Chan died on August 22, 2019 in Fergus, Ontario with the aid of medically assisted dying provided by Canadian law after a two year journey with cancer. Chan was born in Utica, New York in 1941. He prepared for Princeton at Kent School. After graduation in 1959 he spent 1959-60 at Denstone College, Staffs. as an English-Speaking Union Fellow. On New Year’s day 1960 he met his future wife Ann Marvell skiing in Gstaad, Switszerland.

He joined the class of ’64, was suspended for a semester so graduated in ‘65. He majored in art and archeology, played rugby, organized several cultural events, and was a member of Colonial Club. Upon graduation, he married Ann with deBekessy (65), Boynton, Briggs, Richardson, Sterrett, (64) as best man and ushers.

Ann and Chan then moved to Palo Alto where he attended Stanford University to study art history (MA 1968, The Samuel H. Kress Fellow to the Biblioteca Hertziana, Rome 1969-1971, PhD 1972). Their daughter Elizabeth was born in California in 1969.

From 1972-1979 Chan taught art history at Amherst College. In 1980 he taught at Smith College before the family moved to Canada. Meghan was born in Massachusetts in 1972.

Chan joined the University of Guelph in 1980 where he continued to teach art history with a major interest in Italy (Associate 1980-1994, Full Professor 1994-2006). He organized and co-authored an exhibition at the Uffizi Museum, Florence on their drawings (1979). He also published on Leonardo da Vinci, Michelangelo, and Gianlorenzo Bernini (Powers Matchless 1995). In Canada he organized and published several catalogues on contemporary Canadian artists including The Drenters Family, and Ken Danby, (1996. 2001,20040).

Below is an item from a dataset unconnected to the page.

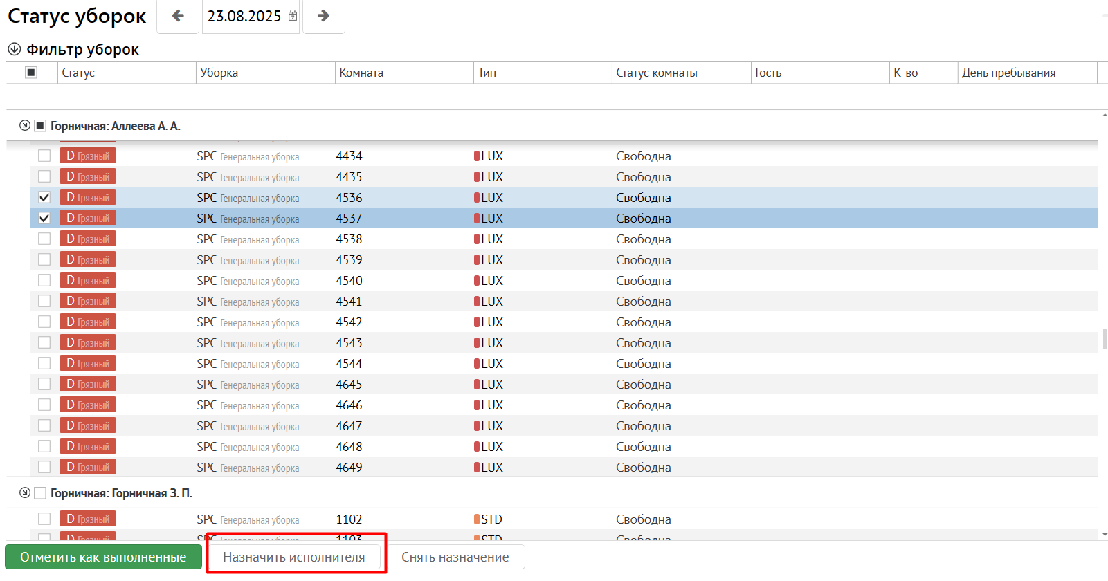 1.На экране выбрать уборки и нажать кнопку Назначить исполнителя:
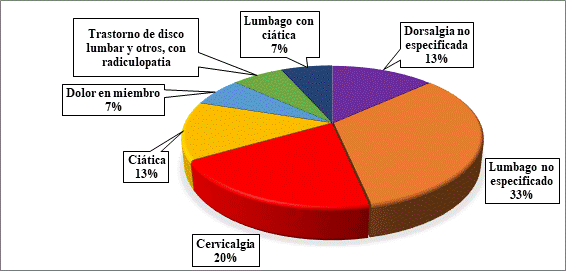 Las causas que generan ausentismo laboral de origen medico por enfermedad laboral, es el lumbago no especificado 33%, cervicalgias 20%, ciática y dorsalgia no especificada 13%, dolor en miembro, trastorno de disco lumbar y otros, con radiculopatía y el lumbago con ciática 7%. al tener presente los resultados de estudios similares a nivel nacional, el 76% de los casos de ausentismo laboral son producto de una enfermedad de tipo musculo-esquelético, si asociamos los resultados de esta investigación en 2009, se realizó un estudio sobre la relación entre el ausentismo laboral por trastornos médicos y la cultura organizacional en un establecimiento médico especializado en asistencia diagnóstica de la región occidental. Podemos ver una disminución considerable en el porcentaje de lesiones de tipo musculo-esquelético, un promedio de 40% de puntos porcentuales.

When the family arrived in Canada in 1980 they settled on Hog Hill Farm in Rockwood, where they ran a 25-sow wiener operation for 12 years. Chandler was active over the early years in St. Margaret’s School, St. John Anglican Church, the Elora Festival. In the 1990s he became involved in the Bruce Trail, eventually - - with the leadership of Meghan- - transferring 280 acres of farm land on the Bruce Peninsula to the Bruce Trail Conservancy 2016 (Unesco-designated world heritage site) as the Otter Lake Trial.

Chan leaves behind his wife Ann, his sister Pamela, brother, Hutch and wife Patty, and his two daughters and their husbands and four grandsons: Elizabeth and David Misener, Ethan and Spencer; Meghan Kirwin and Robin Collins, Rhys and Zachary.